Africa-Press – Congo Kinshasa. Le gouverneur intérimaire de la Tshopo, Didier Lomoyo Iteku, a été convoqué en urgence à Kinshasa lundi, après un lapsus prononcé lors d’une parade populaire à l’esplanade de la mairie de Kisangani. Au cours de son discours, il a cité l’ancien président Joseph Kabila avant de se raviser et de nommer le chef de l’État en fonction, Félix Tshisekedi Tshilombo.
Selon un chef de quartier présent à la réunion, le gouverneur évoquait la poursuite du processus de mécanisation des agents de l’État lorsqu’il a cité par erreur Joseph Kabila, présenté dans certaines déclarations comme « condamné à mort pour connivence avec le M23 », avant de se corriger.

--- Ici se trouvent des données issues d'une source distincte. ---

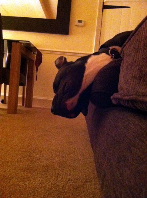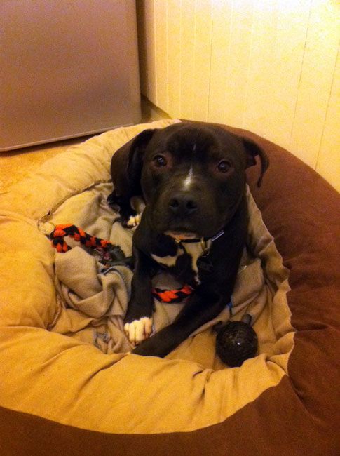 I've taken on a lovely young staffordshire terrier puppy from a dog shelter that was brought in as a stray. He was a bit bouncy and excited, but I've had him for 5 days, and he's settling in a treat.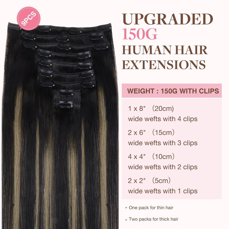 - Clip In Hair Extensions Specification: GOO GOO seamless clip-in hair extensions with PU are available in 110g, 130g, 151g, 160g; clip-in extensions are offered in weights of 120g and 150g for selection. Perfect for a natural thickness boost with 1-2 sets, or achieve a full, voluminous look with 2-3 sets. Ideal for adding both length and volume. Plus, 2 additional replacement clips for your convenience.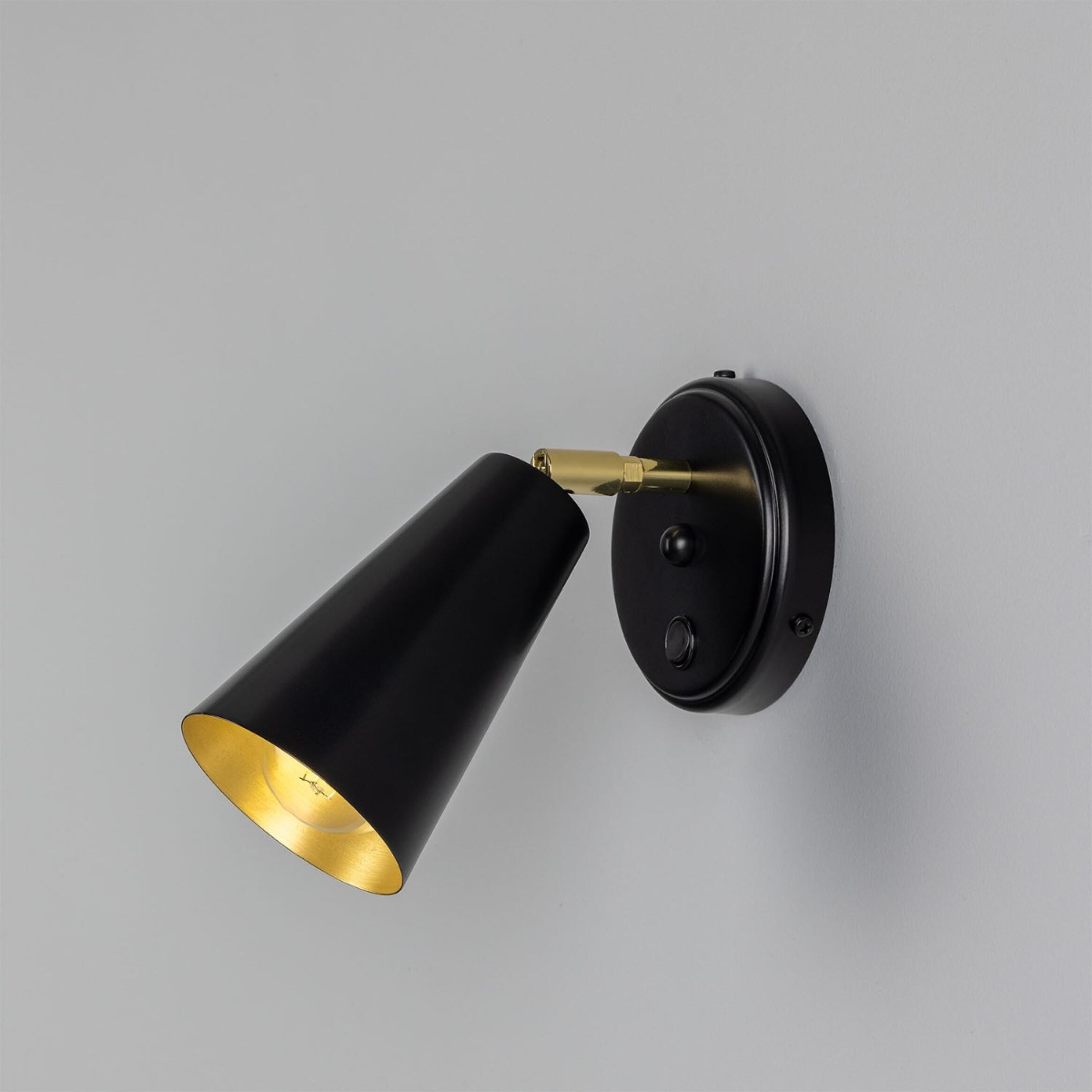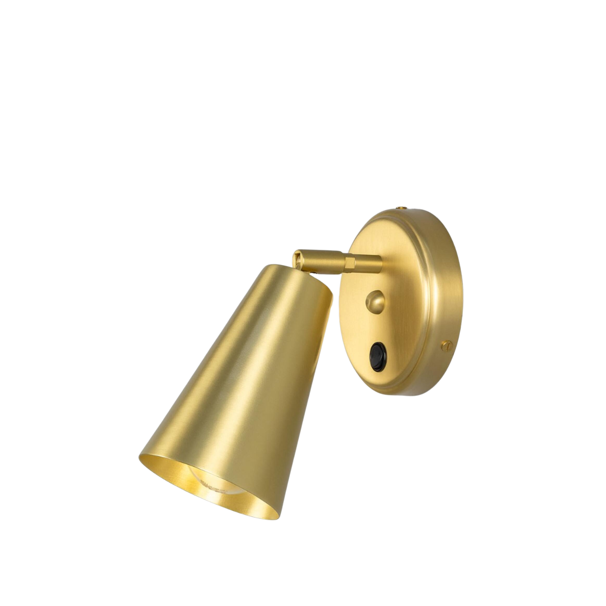 The Cashel Wall Sconce blends industrial functionality with timeless elegance. Its cone-shaped brass shade and built-in wall switch bring both beauty and practicality to the design, making it perfect for spaces that need refined lighting with everyday ease.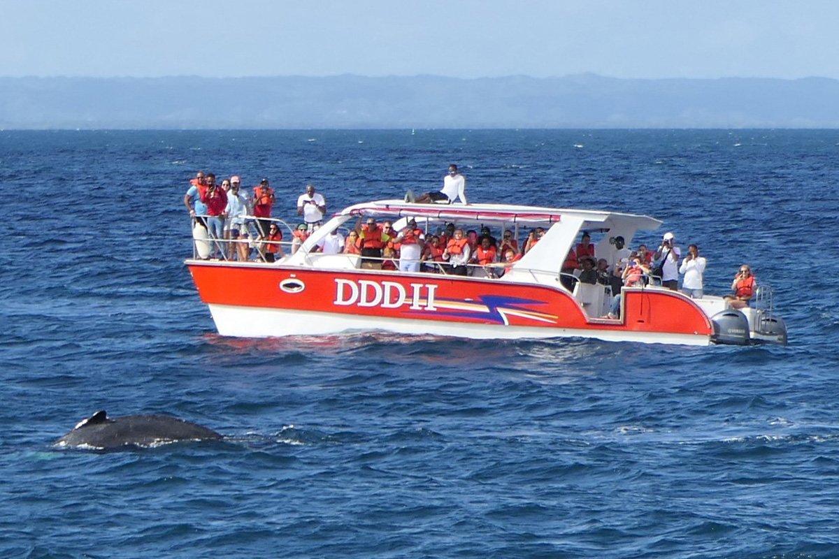 DDD Whale Watching tiene un nuevo catamarán a motor de 40 PIES que ofrece un agradable y suave paseo en el agua para ver de cerca a estas gigantescas ballenas jorobadas que visitan la bahía de Samaná cada año.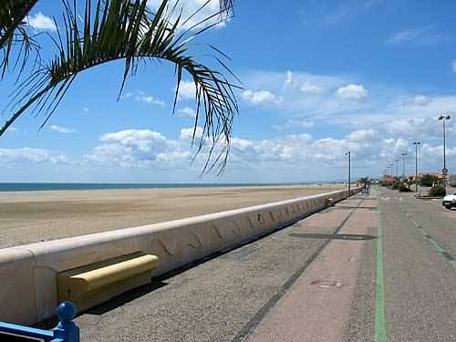 Nach ein paar Fotos geht's hinab nach Narbonne-Plage. Das Wasser sieht man von der D168 nicht, also biegen wir rechts ab und erreichen ein paar Meter weiter die Strandpromenade. Vor uns liegt ein riesiger verwaister Sandstrand. Entweder ist um die Jahreszeit nichts los oder der starke Wind ist zu kalt zum Baden.

« C’est un processus qui se poursuit parce que [Joseph Kabila], plutôt notre chef de l’État, Félix Tshisekedi, veut que tous les agents de l’État soient mécanisés… », a-t-il déclaré.
Bien que corrigé immédiatement, ce lapsus a suscité de vives réactions dans un contexte politique et sécuritaire sensible. Pour certains, il s’agit d’une simple erreur de langage ; pour d’autres, d’un geste lourd de sens pouvant lui porter préjudice. L’incident a été perçu comme une bévue jugée grave par une partie de l’opinion.
Tensions lors de l’événement et vidéos virales
Des témoignages font état de tensions sur place. Des journalistes présents auraient été menacés et dépouillés de leur matériel afin d’empêcher la diffusion des images. Malgré cette tentative, des vidéos ont circulé sur les réseaux sociaux et provoqué une vague de réactions à Kisangani et au-delà.
La réaction du gouvernement central ne s’est pas fait attendre. Le Vice-Premier Ministre en charge de l’Intérieur et Sécurité, Jacquemain Shabani Lukoo, a adressé un télégramme convoquant Didier Lomoyo Iteku à Kinshasa, accompagné du maire de Kisangani, pour des consultations.
La cellule de communication dément et parle de manipulation
En réponse aux critiques, la cellule de communication du gouverneur intérimaire a publié un communiqué rejetant les accusations. Elle qualifie les informations relayées de « mensongères » et attribuées à des « ennemis de la paix ». Selon cette cellule, les propos de Didier Lomoyo auraient été « déformés et sortis de leur contexte », affirmant qu’il appelait plutôt à renforcer la sécurité face aux menaces contre la République.
Entretemps, la NDSCI/Tshopo critique la rapidité avec laquelle le VPM de l’Intérieur a réagi après le lapsus du vice-gouverneur. Pour Gentil Sefu, vice-président de la structure, il s’agit d’un simple dérapage verbal ne justifiant pas son exclusion, qu’il qualifie d’exagérée et motivée politiquement. Il appelle au retour de Lomoyo pour assurer la stabilité provinciale et éviter une crise inutile, alors que des projets publics sont déjà en souffrance.
L’affaire continue de faire réagir et reste suivie de près.